** Opening Collected data block **

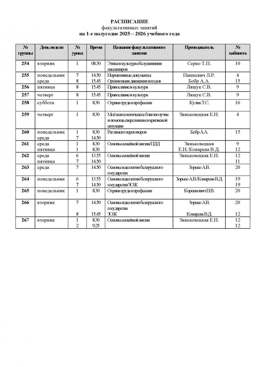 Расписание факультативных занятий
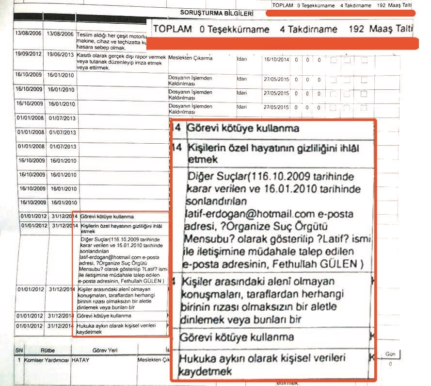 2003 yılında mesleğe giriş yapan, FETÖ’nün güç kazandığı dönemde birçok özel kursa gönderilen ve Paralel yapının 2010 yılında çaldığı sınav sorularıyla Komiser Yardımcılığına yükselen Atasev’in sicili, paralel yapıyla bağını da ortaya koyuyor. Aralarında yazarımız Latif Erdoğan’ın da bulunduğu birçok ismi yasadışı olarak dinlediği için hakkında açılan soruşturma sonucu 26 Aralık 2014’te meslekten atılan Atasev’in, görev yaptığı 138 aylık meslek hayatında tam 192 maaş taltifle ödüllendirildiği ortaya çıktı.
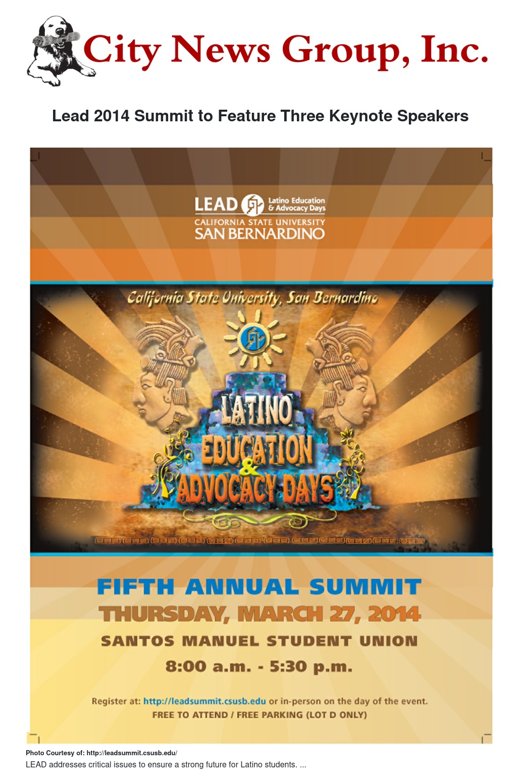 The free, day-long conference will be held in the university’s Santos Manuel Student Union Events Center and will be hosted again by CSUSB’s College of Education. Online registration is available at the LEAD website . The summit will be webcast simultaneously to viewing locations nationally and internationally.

** Closing Collected data block **

■ Directions
An exact copy of all the lines above is required, with the pictures removed.

■ Output of the task
 Расписание факультативных занятий
 2003 yılında mesleğe giriş yapan, FETÖ’nün güç kazandığı dönemde birçok özel kursa gönderilen ve Paralel yapının 2010 yılında çaldığı sınav sorularıyla Komiser Yardımcılığına yükselen Atasev’in sicili, paralel yapıyla bağını da ortaya koyuyor. Aralarında yazarımız Latif Erdoğan’ın da bulunduğu birçok ismi yasadışı olarak dinlediği için hakkında açılan soruşturma sonucu 26 Aralık 2014’te meslekten atılan Atasev’in, görev yaptığı 138 aylık meslek hayatında tam 192 maaş taltifle ödüllendirildiği ortaya çıktı.
 The free, day-long conference will be held in the university’s Santos Manuel Student Union Events Center and will be hosted again by CSUSB’s College of Education. Online registration is available at the LEAD website . The summit will be webcast simultaneously to viewing locations nationally and internationally.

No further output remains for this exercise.